しかも、男の姿は正に異形で天使と悪魔を足して二で割ったような奇妙奇天烈な格好をしている。でも、いつからこの屋敷にいたのかは全く知らない。この屋敷に来てベゼルに会うまではこんな得体の知れぬ男はどこにも見かけなかった。
すると、男はこちらを警戒しながら疑っているユータの心を見透かすかのように「いつからいたのかって?」と弾ませていた心臓を手に持ちながら話した。

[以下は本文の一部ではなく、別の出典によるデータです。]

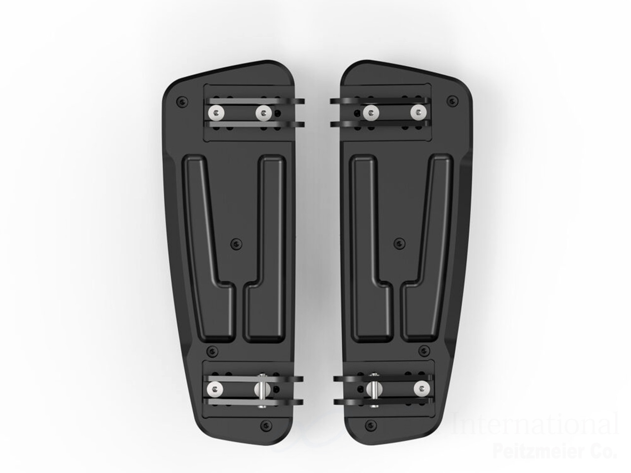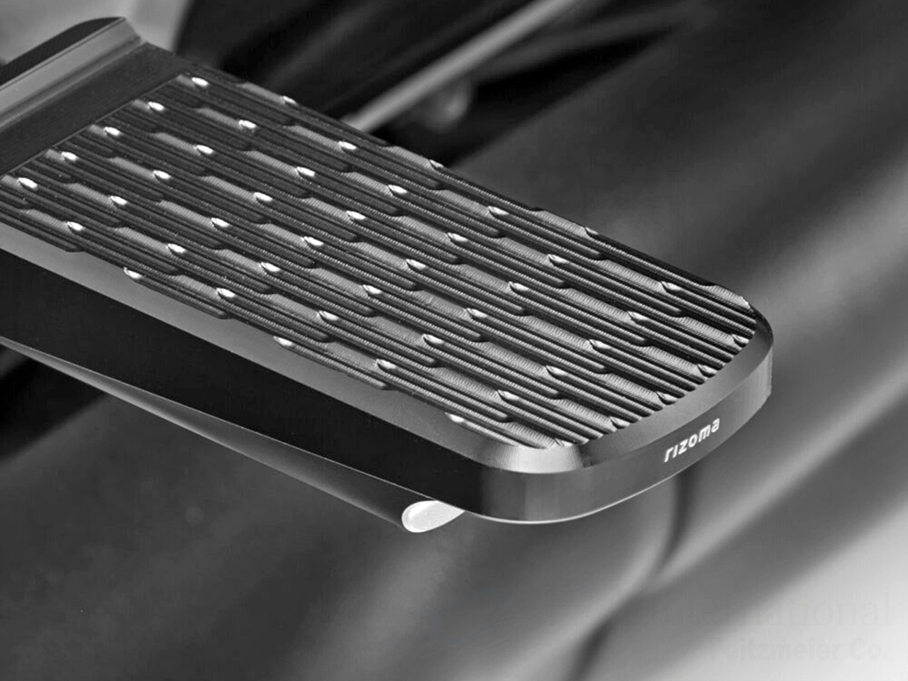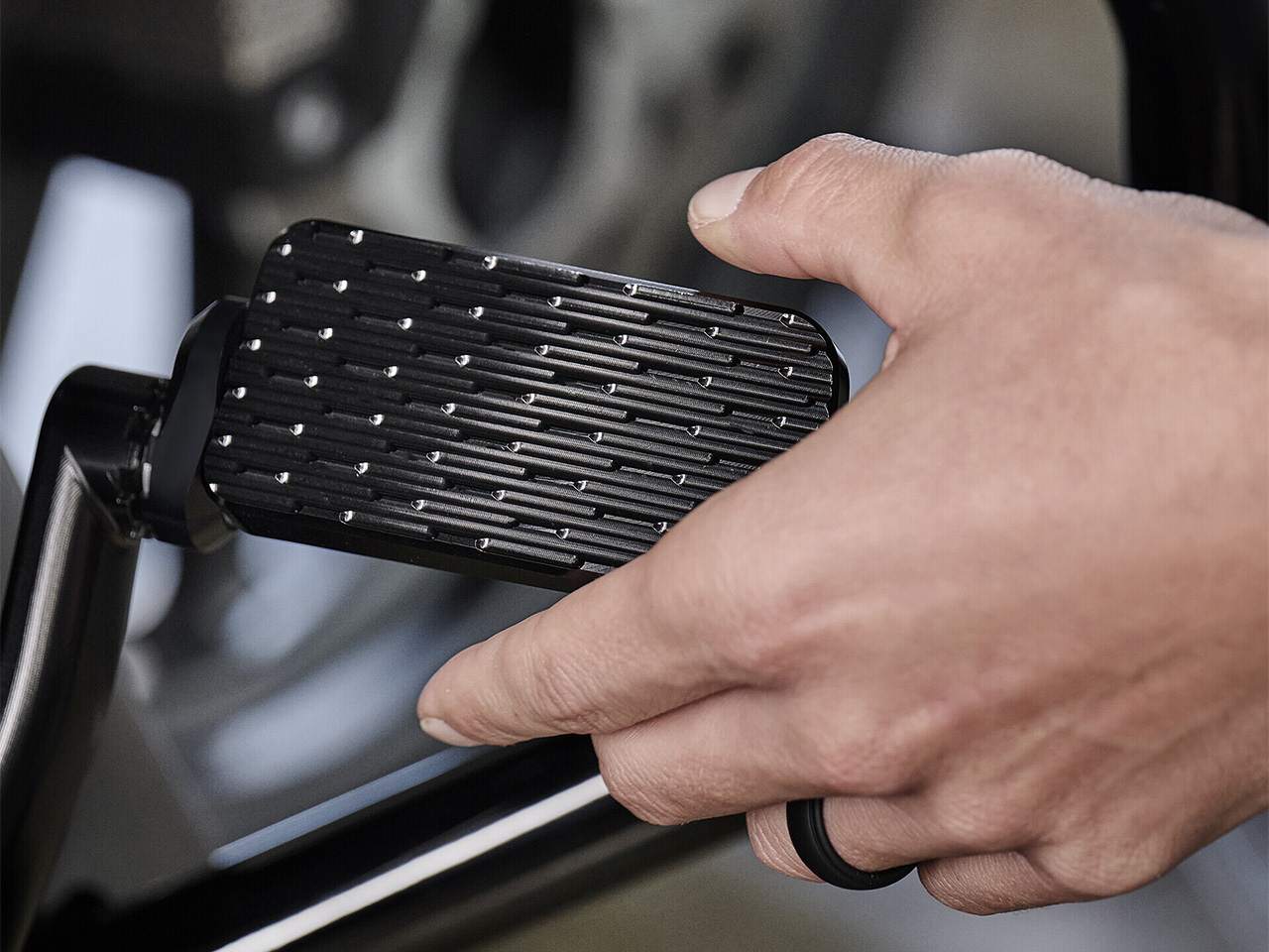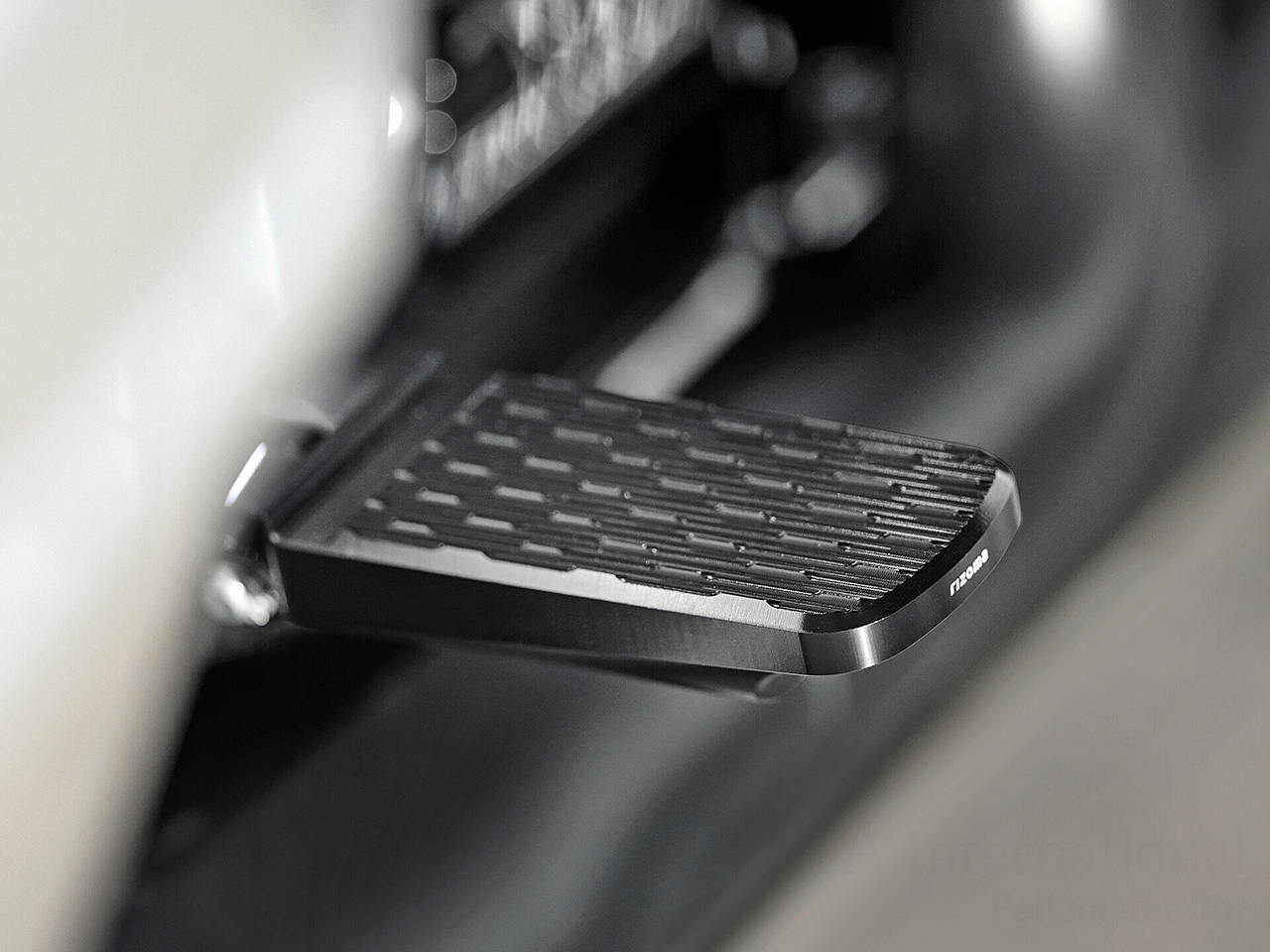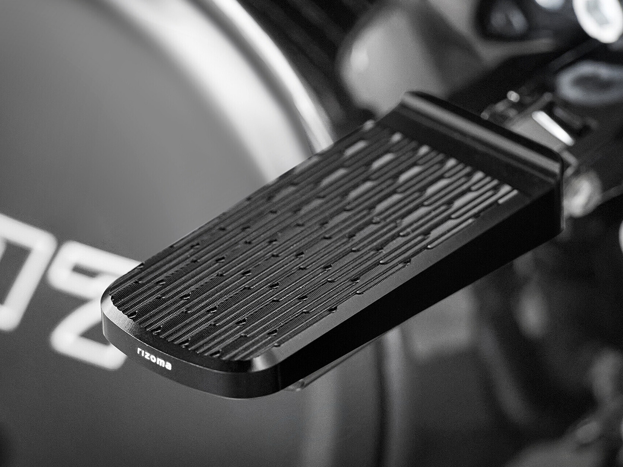精密CNC加工でビレットアルミから削り出されたフットボード。 純正よりも短くスリムな設計。バンク角を確保し、高いグリップ性能とあいまって、よりスポーティーで軽快な操作性を可能としています。 さらにアジャスト機能も持ち、前後に±10mm、外側に+10mmの位置調整が可能。 機能とスタイルを両立し、快適なライディングを実現します。 左右セット |

「二週間前、君達より先にあの魔法使いと魔女共がここで召喚魔術を試みた時から私は既にこの屋敷内にいた。だが、奴らはその弾みで禁忌を触れてしまったことで人である姿を失いあの醜い蜘蛛人間になった。先程の愚人はもちろん君達も智天使・・・ケルビムを呼ぼうとしてこの召喚魔術を使ったそうだが、この魔法陣は天使を呼ぶどころか天国でも魔界でもない別次元の世界へ通じる扉を開いてしまったということだ。召喚は数字や語の組み合わせによって大きく変わる。そこの青年は中央の陣で『翼』か『星』のどちらかを迷い結局、『翼』の方を選んだそうだが結果的に『翼』や『星』のどちらでもない。全てルーン文字で書いてあると思っているそうだが、何ヵ所かに異界の文字が紛れている。ルーンと異界文字が混ざり合っては天使を呼び出すのは不可能といえよう。異界文字があるのは単なる偶然かそれとも・・・・。つまり私は、奴らに無理矢理呼ばれた次元を超えた異界からの来訪者ということだ」
何がなんだかさっぱり分からないがつまり、自分達が来る前に召喚魔術を行っていた外国の魔法使いと魔女達がケルビムを呼び出すつもりが別の世界へ通じてしまった。その時にあの男が出てきてその禁忌とやらを触れてしまった事であの化物蜘蛛になったという流れらしい。本や絵画では見た事がない天使のようで悪魔にも見える得体の知れぬ生き物の話が本当なのかは定かではないが彼の姿を見るだけで脳裏に「戦ってはいけない!」という危険信号が出て知らせてくれる。
あのベゼルが一撃でやられる程の相手だ。仕掛けたらどんな目に遭わされるか考えるだけで恐ろしくなる。ならば、シンを背負ってここから逃げるしかない。しかし、逃げようとした途端に襲われたりしたらと考えると足が竦む。
ユータはあの男の奇妙で不気味な姿を見ただけでも足が動けず腰も上げられない。ここで奴が消えるまで付き合うか危険を承知でシンを連れてこの場から離れるか。その時、ユータは過激すぎる光景を目にしてしまった。なんと、男は大きな口を開けてベゼルの心臓を丸呑みしたのだ。あまりのショッキングで見るに堪えられない展開が起きてユータは目を逸らした。男は心臓から噴き出して口周りに付いた赤い液体を長い舌で舐める。
「欲で貯め込んだ心の臓は美味いと聞いたがそうでもないな。だがこの肉は美味そうだ」
男は食と欲で肥やしたベゼルの大きなお腹を見て涎を垂らす。肉厚そうに丸々と太った腹部。いい具合でふくよかに肥えた頬と手足。首根っこを摑まれてぶら下がるベゼルは白目を向いて哀れな姿で息絶えていた。
古今東西ありとあらゆる料理を口にしそのうえ、人間に手を出し喰らって来たベゼルが今度は得体の知れぬ異界から来た男のディナーとして腹に入る番が訪れたのだ。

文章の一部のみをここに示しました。